SIRT3 mitigates osteoarthritis by suppressing ferroptosis through activating AMPK signaling pathway

Abstract

Background: Osteoarthritis (OA) is characterized by cartilage degeneration and inflammatory environments that promote chondrocyte death via mechanisms including ferroptosis. SIRT3-AMPK activation inhibits inflammatory and catabolic responses in chondrocytes. However, its potential effect on chondrocyte ferroptosis remains unclear.

Objective: This study aimed to elucidate the effects of SIRT3 on ferroptosis in chondrocytes under inflammatory conditions and the underlying mechanisms involving the AMPK/mTOR signaling pathway.

Methods: Mendelian randomization was used to analyze the epidemiological relationship between SIRT3 expression and the occurrence of knee OA. ATDC5 cells were treated with IL-1β, TNF-α, or ferroptosis agonist/antagonist. SIRT3 was overexpressed in ATDC5 cells. The effects of SIRT3 on extracellular matrix metabolism, mitochondrial function, and ferroptosis were detected by Western blot, immunofluorescence, JC-1 staining, quantitative real-time PCR, and Alcian blue staining. In vivo experiments were conducted using mice subjected to destabilization of the medial meniscus to mimic OA. Then, micro-CT, histological analyses, and protein expression detections were conducted.
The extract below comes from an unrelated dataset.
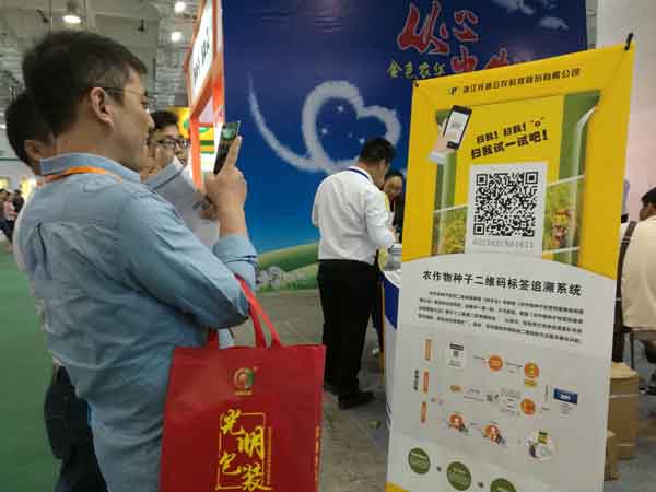 其中根據(jù)9月18日農(nóng)業(yè)部辦公廳印發(fā)的《農(nóng)作物種子標(biāo)簽二維碼編碼規(guī)則》要求,推出的農(nóng)作物種子二維碼標(biāo)簽追溯系統(tǒng),吸引了諸多專業(yè)客戶駐足。系統(tǒng)分為:包裝印刷環(huán)節(jié)、生產(chǎn)環(huán)節(jié)、流通環(huán)節(jié)、追溯環(huán)節(jié)等四個(gè)環(huán)節(jié)。操作靈活方便,可自動(dòng)生產(chǎn)唯一性二維碼,品種和批次獨(dú)立管理,又相互關(guān)聯(lián)。消費(fèi)者,執(zhí)法者,經(jīng)營者可通過手機(jī)二維碼獲得種子的品種信息、生產(chǎn)經(jīng)營者信息、品識(shí)別碼、追溯網(wǎng)址等內(nèi)容。許多客戶紛紛掃碼體驗(yàn),對系統(tǒng)的及時(shí)性和便捷性贊不絕口,部分客戶同公司營銷總監(jiān)陳麗婷就系統(tǒng)的購買和使用問題進(jìn)行交流,對托普云農(nóng)在種業(yè)領(lǐng)域做出的成果給予肯定,希望托普云農(nóng)可以推出更多符合市場需求的產(chǎn)品。

Results: Mendelian randomization identified SIRT3 expression as a protective factor in the development of knee OA. In vitro, IL-1β and TNF-α induced ferroptosis and oxidative stress in ATDC5 cells while down-regulating SIRT3. Treatment with the ferroptosis agonist Erastin or the antagonist Fer-1 resulted in decreased or increased protein levels of SIRT3, respectively. SIRT3 overexpression mitigated the degradation of the extracellular matrix, alleviated oxidative stress, modulated mitochondrial functions, and prevented ferroptosis in ATDC5 cells under IL-1β treatment in vitro. Furthermore, the effects of SIRT3 may be mediated by the AMPK/mTOR signaling pathway. In vivo, SIRT3 overexpression mitigated OA severity, evidenced by improved joint integrity and reduced cartilage degradation.

Conclusions: SIRT3 inhibits ferroptosis and regulates mitochondrial function via the AMPK/mTOR signaling pathway, thereby alleviating OA. Targeting the SIRT3-AMPK axis presents a promising therapeutic method for OA treatment.

Keywords: AMPK/mTOR; Chondrocyte; Ferroptosis; Osteoarthritis; SIRT3.